Евгений откашлялся, прежде чем сказать короткое «да».
Он старался, изо всех сил старался вести себя естественно и чувствовал, что ничего у него не получается. Будь сейчас на месте молодого лейтенанта какой-нибудь матерый сыщик типа Коломбо – сразу, без суда и следствия, вынес бы ему приговор, только лишь на основании каркающего голоса, неестественной бледности и неуместного покашливания.
По выражению лица лейтенанта невозможно было определить, показалось ли ему поведение Евгения подозрительным и сделал ли он для себя какие-то выводы. Кажется, сейчас он был озабочен другой проблемой, а время делать выводы просто еще не пришло.
– Сосед, значит, – с легкой тенью удовлетворения в голосе заключил он и поинтересовался: – Далеко идете?
– В магазин, – честно признался Евгений. – За сигаретами.
Тот кивнул в ответ. Через секунду, что-то решив для себя, извлек из кармана брюк замусоленную пачку «Золотой Явы» и протянул Евгению со словами:
– Нам понятые нужны. Задержитесь ненадолго? Вопросительная интонация в конце фразы практически отсутствовала. Было очевидно, что никакого выбора Евгению представитель следственных органов не оставляет.
– Да что случилось-то? – Евгений взял предложенную сигарету и склонился над протянутой зажигалкой. Непривычная «Ява» обожгла легкие и окутала гортань кислым привкусом. Но все же оказалась спасительной – выдыхая горький дым, Евгений почувствовал наконец, что успокаивается.

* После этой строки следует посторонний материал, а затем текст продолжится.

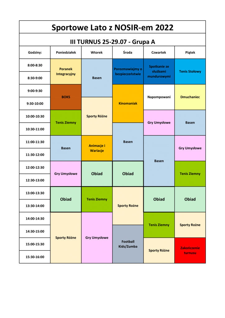 Poniżej zamieszamy informację dotyczące III turnusu 25-29 lipca: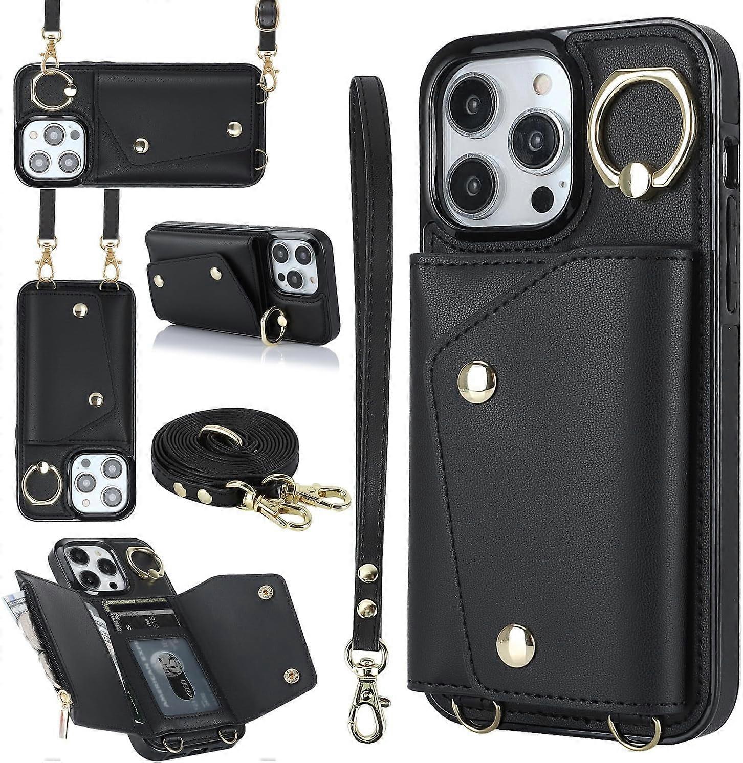 Phone Case Compatible with iPhone 15 Pro, Wallet Case with Card Holder, Crossbody Neck Strap, Wrist Strap, Kickstand, PU Leather Flip Case

– А черт его знает, – с легким оттенком недовольства в голосе пробасил лейтенант. – Вот сломаем дверь – и узнаем. Сосед тут у вас один исчез куда-то. Четвертый день вот, говорят, ни слуху ни духу. Может, помер. Слизнев Виктор Гаврилович, знаете такого?
Евгений был уже готов к вопросу, поэтому сумел справиться с собой, изобразив равнодушие.
– Знаю. Кто ж его не знает. Пьяница горький.
– Четвертый день уже не видно, – послышался голос соседа из общего коридора, до этой минуты безучастно наблюдавшего за их общением. – В дверь звоню – не открывает, и никаких звуков не слышно ни днем ни ночью. Я вот и подумал, может, случилось что.
Сигарета, которую Евгений практически не выпускал изо рта, истлела уже почти до фильтра. Лейтенант молчал, задумчиво наблюдая, как облако дыма медленно тает перед его глазами.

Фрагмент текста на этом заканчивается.